Battles

You stab at the pieces of salad – a lettuce leaf, a scrap of beef bacon – and you tell me about the battles you have had with your students, their teachers, the parents, the whole circus. Everyone has sky-high expectations these days, everyone wants only the best results, but no one seems to want to put in the hours, the hard work. You are shaking your head even as I nod. I understand. I see. I get you.

You tell me about your recent trip back to your hometown for your reunion dinner, for precious time spent with your family. You tell me nothing is certain, that it can all change in an instant. That’s life, I said, that’s how it works. I consider and then I ask you, carefully mentioning that this is probably one of those clichéd questions folks ask when they have minds far too idle, what would you do if this was the last year of your life.

To be more specific, I tell you I don’t mean this to be what you would like to have achieved – this is not about successes. I don’t mean ticking off items from a bucket list either – forget bungee-jumping or backpacking in Peru. I mean to ask you, what would you do to satisfy yourself that, when you go, that this life of yours has been enough?

You raise your head from contemplating your salad and look me straight in the eye. You want to spend more time with people who matter, you say. People who matter to you. You don’t want to be remembered as the best singer in town or someone who made a lot of money; you want to have been a good friend and a good daughter. With the most important things in life, there are no battles. You know what matters.

And so we do, I say. We know what matters to us, we do.

 

10 Comments

  • I think we always know, don’t we. It’s just whether we -want- to put in the effort, because we take for granted some things will always be there until it’s too late. This year? Let’s live like it matters because in the end, it -does-. It was a lovely afternoon, m’dear. Thank you for the precious time.

  • @Spindle Girl: It does matter, it really does.

    And yes, it’s all about the work. That in itself can be the most satisfying thing, more so than the results.

    Here’s to more salads and French toast in the months to come!

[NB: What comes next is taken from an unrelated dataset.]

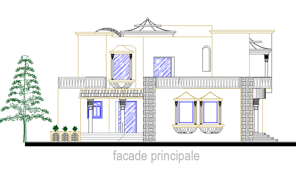 Modern Elevation design of House project dwg file. find here the architecture elevation design of residence house in autocad format.

  • it might actually be easier to make a lot of money (or be a good singer) than to be a good friend/son/brother. and more often than not, we’re drawn to what’s easier, right.

    how apt it is for me to be reading this now, at a time when in the past six hours, i haven’t been very good at all. *dashes off in a cryptic swirl of mist*

  • @Sean: Hmm. I have to say that since I’m neither a good singer (or any sort of singer at all) nor do I own a mint, it might just be easier to be a decent friend. Mostly that involves more listening and less talking, and lots of hugs.

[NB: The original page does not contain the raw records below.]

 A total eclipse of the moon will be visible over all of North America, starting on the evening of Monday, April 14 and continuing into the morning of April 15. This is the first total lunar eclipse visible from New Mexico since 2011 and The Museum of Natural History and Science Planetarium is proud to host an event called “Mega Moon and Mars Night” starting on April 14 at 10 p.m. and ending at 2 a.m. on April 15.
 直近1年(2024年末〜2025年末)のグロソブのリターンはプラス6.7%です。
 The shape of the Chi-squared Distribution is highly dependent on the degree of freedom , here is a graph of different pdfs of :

    You haven’t been very good at all? Is this a clandestine affair that you have been having without informing your adoring fans and readers? I shall text you and find out. Heh.

  • I have friends whose parents put all the blame on the teacher instead of their child themselves or themselves, when their child don’t try hard enough or when they as parents, don’t put in the effort to teach their kids.

    I just don’t get it.

    Is it so difficult for people realize that As or H1s don’t come easy? They don’t miraculously fall from the sky. Blood, sweat and tears are needed for them to appear in your transcript. Similarly, to be successful in one’s career, relationship or family matters, a lot of effort is needed.

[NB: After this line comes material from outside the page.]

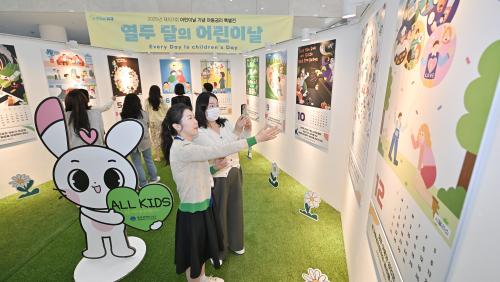 ƯÈ÷ ¼±¸Ã»¾î¸°ÀÌÁý ¾Æµ¿µéÀÌ ¡®¿ì¸®¿¡°Ô´Â ¸ÅÀÏÀÌ ¾î¸°À̳¯¡¯À̶ó´Â ÁÖÁ¦·Î ±×¸° ±×¸²Àº °ü¶÷°´ÀÌ ¾Æµ¿ÀÇ ´«³ôÀÌ¿¡¼ º» ²Þ°ú ±Ç¸®¸¦ »ý»ýÇÏ°Ô ´À³¥ ¼ö ÀÖµµ·Ï Çß´Ù. Àü½ÃÀå °÷°÷¿¡´Â À¯¿£¾Æµ¿±Ç¸®Çù¾àÀÇ ÁÖ¿ä Á¶Ç×°ú ¾Æµ¿±Ç¸®¿¡ °üÇÑ ¸í¾ðÀ» ¹èÄ¡ÇØ ¾î¸°À̸¦ Á¸ÁßÇÏ°í º¸È£ÇÏ´Â »çȸÀû ºÐÀ§±â¸¦ È®»êÇÏ´Â °ø°£À¸·Î ²Ù¸ì´Ù.

  • @Michelle Chin: Uhm, I think the point my friend was trying to make (if any) is that grades and academic results aren’t everything. Kids need more than that to grow and develop. Also, our achievements in these areas do NOT define us. What a shame if we allow them to.

  • B wrote:

    This person sounds like me.

  • @B: We all have a little bit of that person inside us. *hugs*

  • We really do know what matters. It’s only that sometimes, this knowledge gets hidden and squeezed into some tight, dark corner of our minds, and we simply forget that it’s there.

    Knowing what really matters and sticking to it is difficult these days, what with the materialistic mentality that is modern society.